Handling X-Forwarded-* headers#

Kubernetes applications run behind an HTTP proxy server called the Kubernetes ingress. This means that (in a typical configuration) the IP address from which they receive an HTTP request is the IP address of the ingress, not of the client. However, for logging and trace purposes, applications would prefer to associate requests with the actual client IP.

There is a protocol for a proxy server to communicate the original IP and other information about the original request to the application behind the proxy. This uses a set of headers starting with X-Forwarded-. The primary header is X-Forwarded-For, which includes each IP address that has handled the request, starting with the original IP address.

Safir provides Starlette middleware, usable by FastAPI applications, to analyze the incoming request and update information about its origin before passing it to the request handler. This is available as safir.middleware.x_forwarded.XForwardedMiddleware.

Setting up XForwardedMiddleware#

For a typical application behind a single ingress proxy, just add the middleware to the FastAPI application:

from safir.middleware.x_forwarded import XForwardedMiddleware

app = FastAPI()
app.add_middleware(XForwardedMiddleware)

Sometimes there are multiple proxies upstream of an application. Each proxy through which the request travels appends a new source IP entry to the X-Forwarded-For header. The true client IP can therefore be found by removing the proxies and using the rightmost non-proxy IP address.

However, analysis of X-Forwarded-* headers must be done with some caution since a malicious client can include inaccurate X-Forwarded-* headers in its request to attempt to disguise the true origin of the request. Middleware that processes those headers must therefore not blindly trust their entire contents, but instead only trust the entries that come from trusted proxies. This is done by starting from the rightmost entry of that header and removing entries for trusted proxies. The first untrusted IP address (which would have been added by the outermost trusted proxy) is taken as the true origin of the request.

This unfortunately requires configuring the middleware with a list of trusted proxies when initializing the middleware. For an application in this situation, pass in a list of trusted proxy IP ranges to the middleware:

proxies = ["10.0.0.0/8", "172.16.0.0/12", "192.168.0.0/16"]
app = FastAPI()
app.add_middleware(XForwardedMiddleware, proxies=proxies)

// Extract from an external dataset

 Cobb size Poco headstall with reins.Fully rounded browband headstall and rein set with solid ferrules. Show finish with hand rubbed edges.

It normally makes sense to get this list of proxies from the application configuration, since it may change in different deployments.

Using XForwardedMiddleware#

The middleware will update request.client transparently before the request handler is called, so the application can use it as normal. The IP address stored in the first element of the tuple will be the original client IP as determined from the X-Forwarded-For header.

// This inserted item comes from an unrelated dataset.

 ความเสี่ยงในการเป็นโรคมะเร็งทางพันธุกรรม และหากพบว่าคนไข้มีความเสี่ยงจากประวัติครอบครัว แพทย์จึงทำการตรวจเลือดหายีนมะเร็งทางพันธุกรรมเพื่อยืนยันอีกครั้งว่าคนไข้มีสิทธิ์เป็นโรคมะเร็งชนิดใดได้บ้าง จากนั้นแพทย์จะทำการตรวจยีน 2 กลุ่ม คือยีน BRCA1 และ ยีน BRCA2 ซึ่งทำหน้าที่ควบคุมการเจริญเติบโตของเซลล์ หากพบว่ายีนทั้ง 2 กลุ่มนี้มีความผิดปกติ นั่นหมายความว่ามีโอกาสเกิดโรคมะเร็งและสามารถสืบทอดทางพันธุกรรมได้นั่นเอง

The port number associated with the client is not updated and will be the client port on the proxy. (This port number is generally not useful.)

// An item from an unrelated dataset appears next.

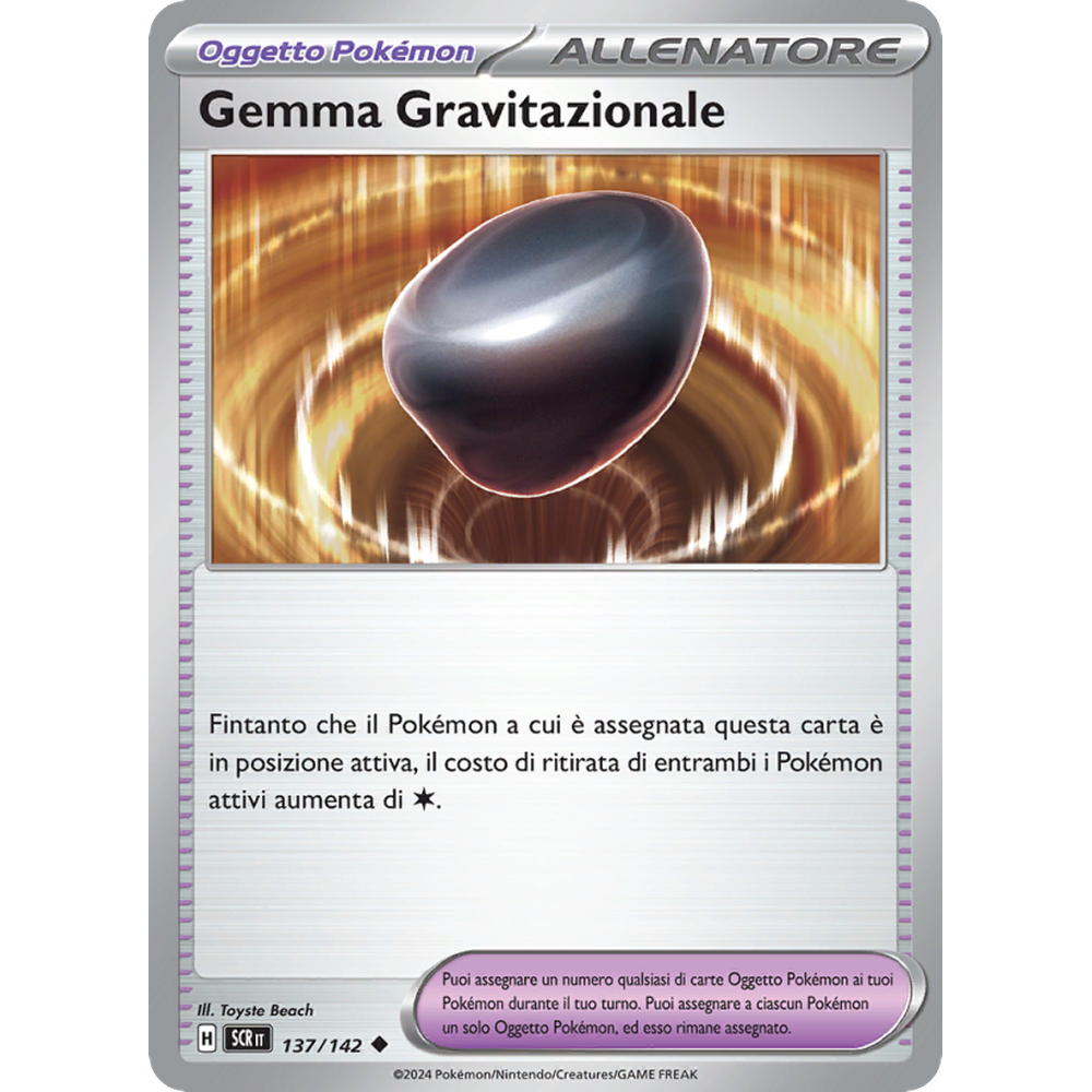 Fintanto che il Pokémon a cui è assegnata questa carta è in posizione attiva, il costo di ritirata di entrambi i Pokémon attivi aumenta di Colorless.

If the necessary X-Forwarded-Proto header is present and appears to be valid, the scheme of the request URL will be set to the original scheme used by the client before the request handler is called. This will cause request.url_for() and similar request methods and attributes to use the scheme of the original request rather than the scheme seen by the server. (Generally this means using https instead of http.) If there are multiple X-Forwarded-Proto headers, there is no way of knowing which is correct, so they are all ignored.

The middleware will store the original value of the Host header in the client request in request.state.forwarded_host. (This is usually not needed, since NGINX generally preserves the Host header of the original request when proxying.) This may be None if X-Forwarded-Host is missing or invalid. If there are multiple X-Forwarded-Host headers, there is no way of knowing which is correct, so they are all ignored.

Note that X-Forwarded-Host, unlike the other headers, does not accumulate values as it passes through multiple proxies. request.state.forwarded_host may therefore be incorrect if there are multiple proxies in front of the application.

Forwarded header#

Forwarded is the standardized header that is intended to replace X-Forwarded-For, X-Forwarded-Proto, and X-Forwarded-Host. However, support for it is less common. For example, it is not supported by the standard Kubernetes NGINX ingress.

It is not supported by this middleware.